Julie Page tells us why the insurance profession cannot allow cyber risk to become an unmet client need
The key theme for my presidential year is how the insurance profession meets clients’ unmet needs, so it would be remiss of me not to look at how cyber is in danger of developing further as an unmet need. Cyber has risk features of epidemic proportions with the hallmarks of a potential pandemic, leaving businesses exposed.
One of the issues is a misplaced perception that cyber is only a big-company problem. Not true. It is moving fast in the middle market and SME space. So, given that every organisation has an exposure, how should our profession respond to help businesses build their cyber resilience, and what can governments do to help manage what has the potential to be a systemic risk?
We know that cyber claims are increasing in frequency, severity and complexity, with three key factors at play. Firstly, there is an increasing interdependency of cyber risk between businesses and their partners and suppliers. Secondly, society is engaging with digital in new and profound ways – whether for working remotely, shopping, entertainment and even virtual health checks – and businesses are having to respond. And thirdly, there has been an explosion in the growth of a criminal fraternity – a blurring of lines between bad actors and nation states – turning to cyberspace and the commoditisation of cybercrime.
Recognising the changing risk profile, insurers are demanding more information from clients to underwrite their cyber risk. But while insurers are (rightly) worried about the aggregation of risk, particularly following so-called ‘zero day’ attacks such as the recent SolarWinds and Microsoft Exchange incidents, the majority of cybercrime today is happening around known vulnerabilities and inside threats that can often be addressed through better cyber hygiene.
We cannot rule out cyber becoming a systemic event like a pandemic if it gets too big and aggregates too much
Our profession must find ways to encourage clients to understand the vulnerabilities in their systems, to help them build cyber resilience and present their risk to the insurance market in the best way possible to reflect this risk. We must respond by understanding the nature of the risk and expressing clearly where and how we are willing to underwrite it, increasing understanding of what information we need to bring our capital to bear.

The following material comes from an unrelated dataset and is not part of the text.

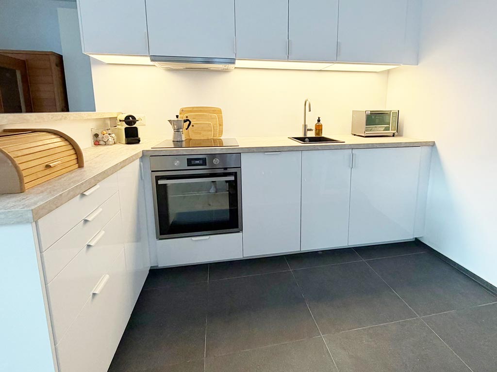• Komplett ausgestattete Küche (Herd, Backofen, Kühl- und Gefrierschrank, Kaffeemaschine, Geschirrspüler)

Of course, we cannot rule out cyber becoming a systemic event like a pandemic if it gets too big and aggregates too much.

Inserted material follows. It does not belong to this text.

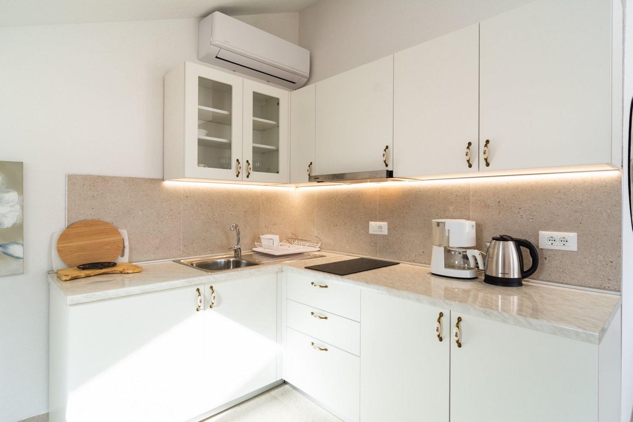 Elegant Sutivan Apartments with Balcony in Sutivan, Split-Dalmatia County, Croatia, provide stylish and comfortable accommodations, featuring private balconies with views, air conditioning, and fully equipped kitchens. Located in the scenic village of Sutivan on Brac Island, the apartments are close to local beaches, picturesque coastal paths, and historical landmarks, ideal for travelers seeking relaxation or adventure. Guests can enjoy nearby activities like cycling, hiking, and water sports, making these apartments an excellent choice for a tranquil yet active getaway. Note: Baby cot is available on request. Pets are not allowed. Baggage drop-off is available before check-in. Private parking, reservation is not required. Wi-Fi is available throughout the property. This one -bedroom can accommodate up to three guests. It features a Flat screen TV and is combined with a living room and kitchen. The private bathroom is equipped with a shower and toilet. Thanks to its excellent location, everything you'll need for your vacation is just a short walk away from the property. cafes and restaurants is within a 70.00 m radius. The beach is 200 m away from the property. The airport is 50 km away from the property.

There is an opportunity for business and our profession to work in partnership with government(s) to establish standards that become common controls and serve as foundational levels of protection, smoothing some of the challenges. It reminds me of the indirect collaboration between health and safety legislation, for example, and the legal requirement for employers’ liability cover. In time, this partnership has reduced risk in the workplace significantly. Could a variation on this approach be adopted with cyber?
Unlike the coronavirus pandemic, where we did not foresee it and did not have an experienced understanding of how to be resilient, cyber risk is happening now and is largely understood and foreseeable. To stay relevant for our clients we, as a profession, must address the rising tide of this need – to help clients understand and mitigate their risks and build cyber resilience, with the benefit of relevant insurance.